There are few short-comings associated with this meta-analysis like heterogeneity among the studies, the publication bias and small number of studies available for the subgroup analysis.

Conclusion

Overall, in the present meta-analysis we found a superior sensitivity of FAPI PET/CT compared to FDG PET/CT in both per patient and per lesion analysis of primary liver tumor detection. Also, sub-group analysis revealed superior sensitivity of FAPI PET/CT for detection of both HCC and CC as well as primary staging, recurrence detection and extrahepatic metastatic disease. Thus, 68Ga-FAPI appears promising and can replace FDG PET/CT for staging and work-up of liver tumors. However, FAPI is still in its naive stages and these results need to be further confirmed by larger, multicentric and prospective studies.

Ethics

Ethics Committee Approval: Ethical approval has been taken from the All India Institute of Medical Sciences Bhubaneswar Ethics Committee with approval number T/IM-NF/Nucl. Med/23/19 (date: 15.05.2023).

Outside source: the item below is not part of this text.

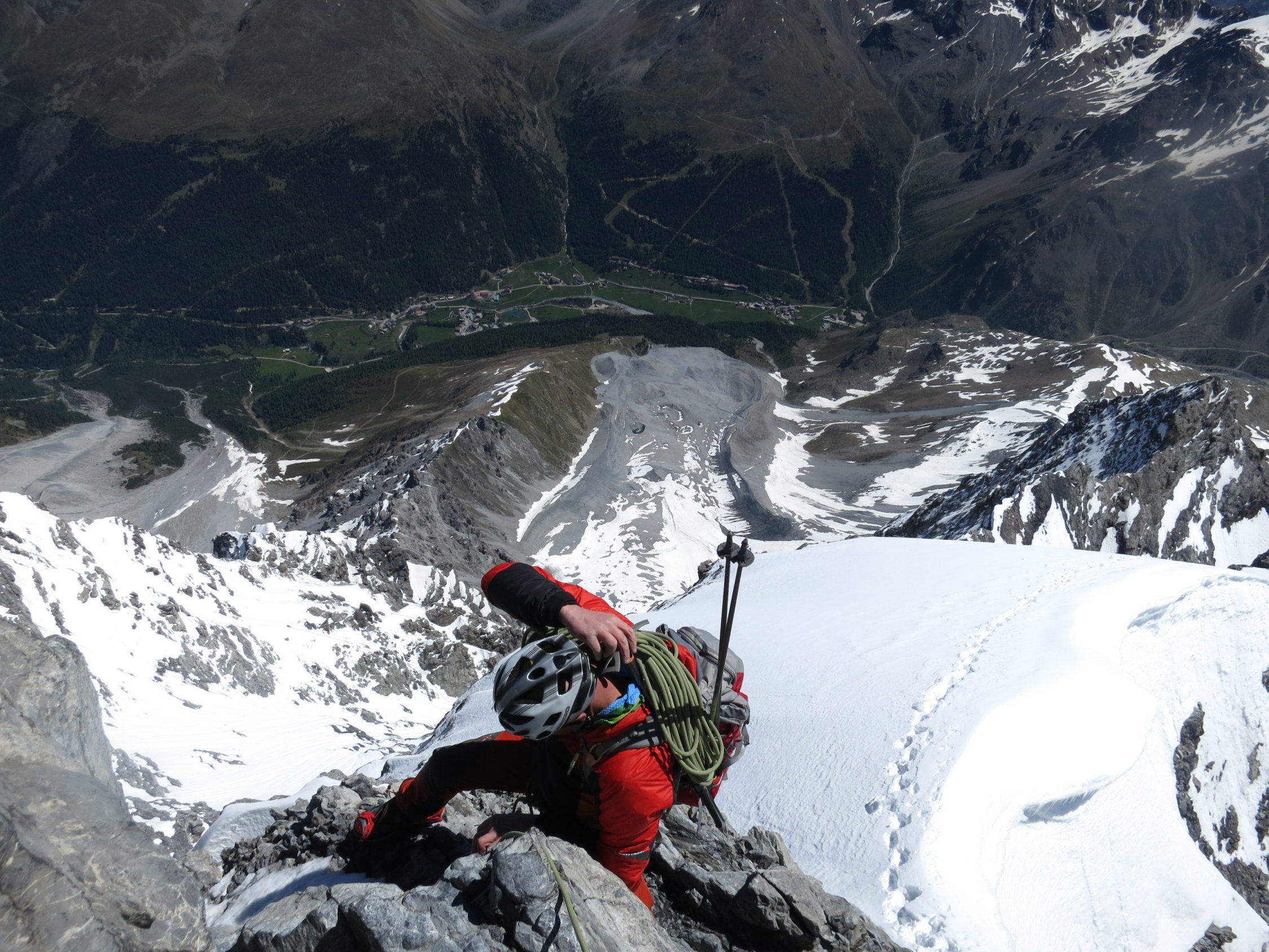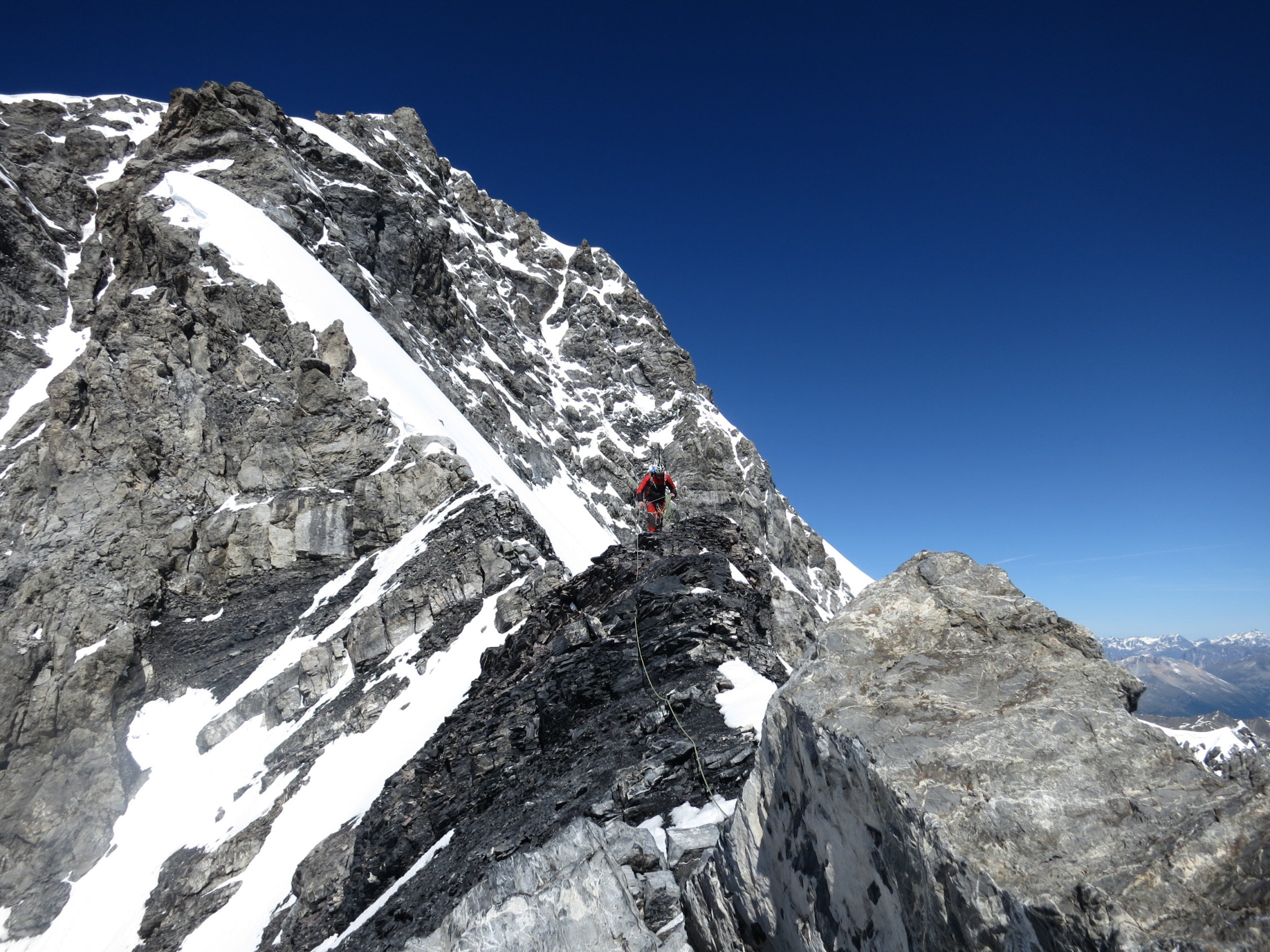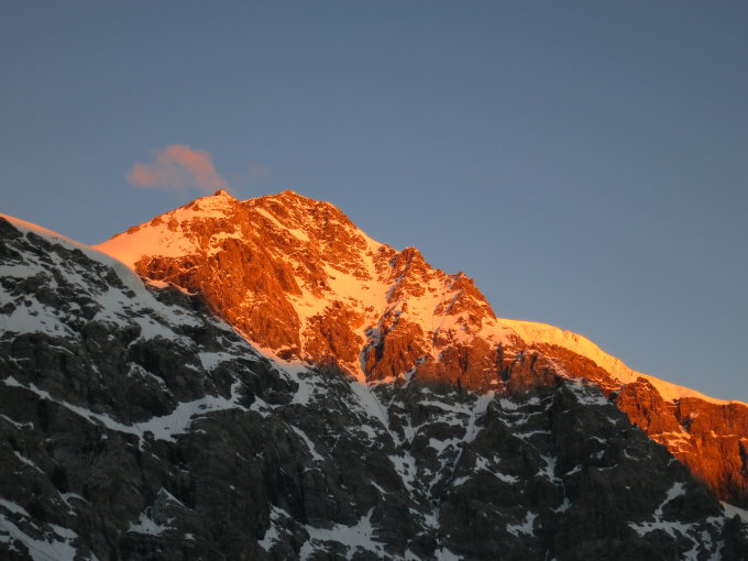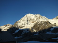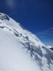 Die Verhältnisse sind nach dem schneearmen Winter jetzt schon gut. Der Grat kann bis auf die zwei Aufschwünge, die normalerweise über eine steile Firnrampe erstiegen werden, ohne Steigeisen gemacht werden. Der erste steile Hang nach der Hütte (normalerweise zig-zag im Schutthaufen) ist momentan ein steiler Firnhang.

Informed Consent: As this is a meta-analysis of the already published articles and no patient is directly involved, so taking consent is no applicable.

Authorship Contributions

Concept: P.S., G.K.P., K.A., Design: P.S., G.K.P., Analysis or Interpretation: T.S., G.K.P., K.A., Literature Search: P.S., A.R., Writing: P.S., T.S.

Conflict of Interest: No conflict of interest was declared by the authors.

Financial Disclosure: The authors declared that this study has received no financial support.